ComponentRuns atWhat it does
Forgejo Actions workflow04:00 UTCUpdates flake.lock, builds all hosts before and after, opens a PR with diffs
NixOS auto-upgrade timer05:00 (host-local)Fetches main, builds own configuration, runs nixos-rebuild switch
Interaction flow
sequenceDiagram participant CI as Forgejo CI participant Repo as 🗂 Git Repo participant Host as NixOS Host participant You rect rgba(126, 186, 228, 0.08) Note over CI,Repo: Daily — 04:00 UTC CI->>CI: nix flake update CI->>CI: Build all hosts before & after CI->>CI: nvd diff per host CI->>Repo: Open PR with diff report end rect rgba(126, 186, 228, 0.04) Note over Repo,You: Whenever ready (hours, days, …) You->>Repo: Review diffs & merge PR end rect rgba(126, 186, 228, 0.08) Note over Host,Repo: Daily — 05:00 host-local Host->>Repo: Fetch main Host->>Host: nix build (--no-update-lock-file) Host->>Host: nixos-rebuild switch Note over Host,Repo: No-op if main is unchanged end
Branch lifecycle
gitGraph commit id: " " commit id: " " branch auto/flake-update checkout auto/flake-update commit id: "chore: update flake inputs" checkout main merge auto/flake-update id: "merge PR" commit id: "hosts rebuild" type: HIGHLIGHT commit id: " " commit id: " "

Hosts never modify flake.lock themselves.

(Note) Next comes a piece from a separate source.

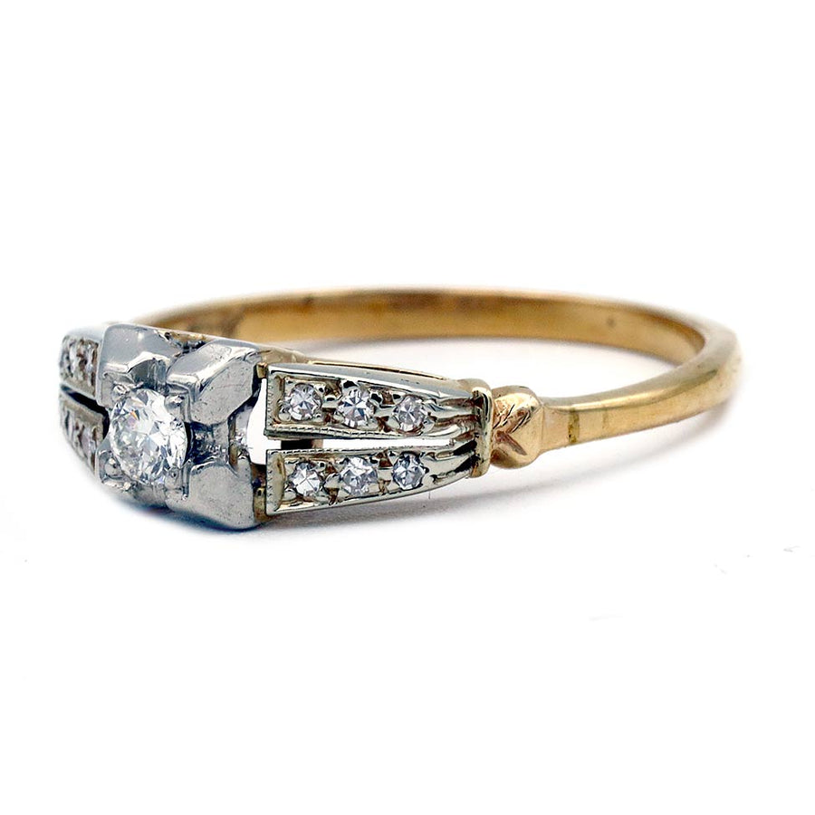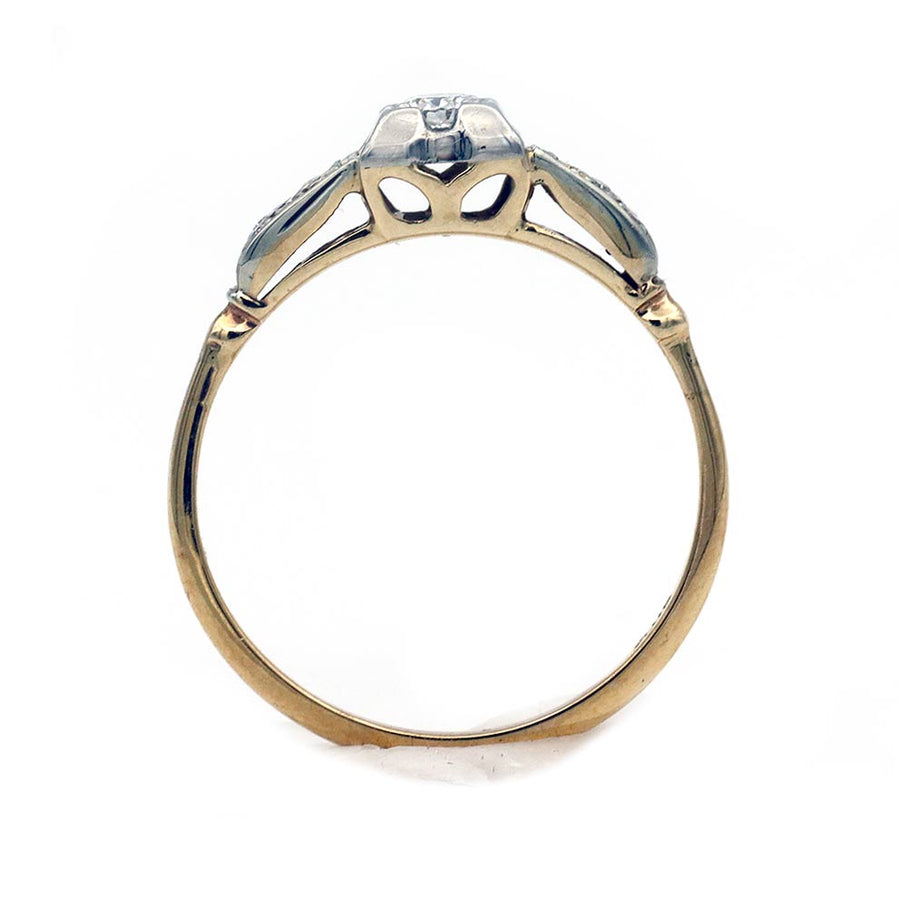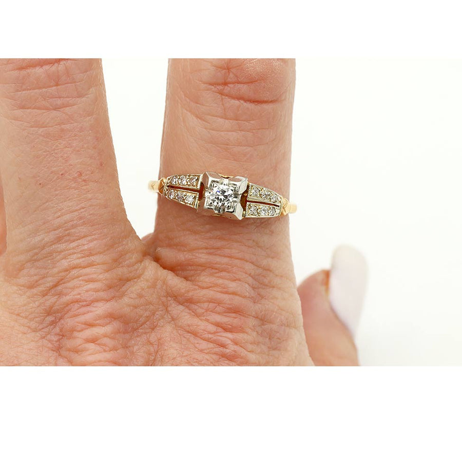 The Ruby M ring is an authentic vintage diamond ring circa 1940s. The ring features a .15 carat old European cut diamond of E color, VS2 clarity, flanked by a sleek split shank encrusted with 12 single cut diamond accents. Crafted in 14 karat white gold atop a yellow gold ring, accentuated with delicate milgrain engravings. A classic 1940's ring, in very good condition.
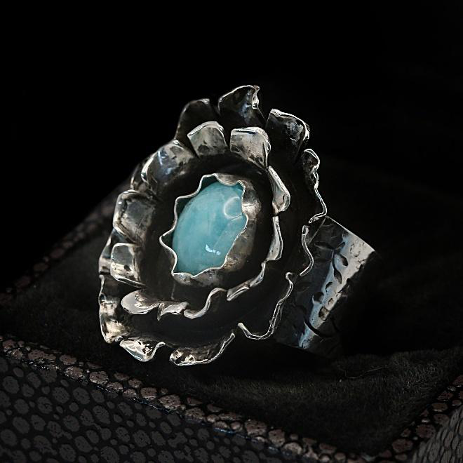 Tranquil blue amazonite stone set in a gorgeous repousse flower. Patterned daisy ring shank.

They always use --no-update-lock-file and build whatever version of nixpkgs (and other inputs) the CI committed to main. This keeps every machine on the same, reviewed set of inputs.

Step 1: The CI workflow

Create .forgejo/workflows/update.yaml in your NixOS flake repository. This workflow runs daily, updates flake inputs, and opens a pull request with per-host package diffs so you can review before merging.

yaml
name: Update Flake Inputs

on:
  schedule:
    - cron: "0 4 * * *" # Run daily at 04:00 UTC — one hour before hosts auto-upgrade.
  workflow_dispatch: # Allow triggering manually from the Forgejo UI.

jobs:
  update:
    name: Update flake.lock and diff all hosts
    runs-on: nixos-builder # A native NixOS runner — leverages the host Nix store as cache.
    steps:
      # --- 1. SSH setup ---
      # Write the deploy key to a temp file so git can push branches
      # and sign commits over SSH. The key is cleaned up in the final step.
      - name: Configure SSH key for git push and commit signing
        run: |
          SSH_DIR="$RUNNER_TEMP/.ssh"
          mkdir -p "$SSH_DIR"
          echo "${{ secrets.GIT_PRIVATE_KEY }}" > "$SSH_DIR/forgejo_key"
          chmod 600 "$SSH_DIR/forgejo_key"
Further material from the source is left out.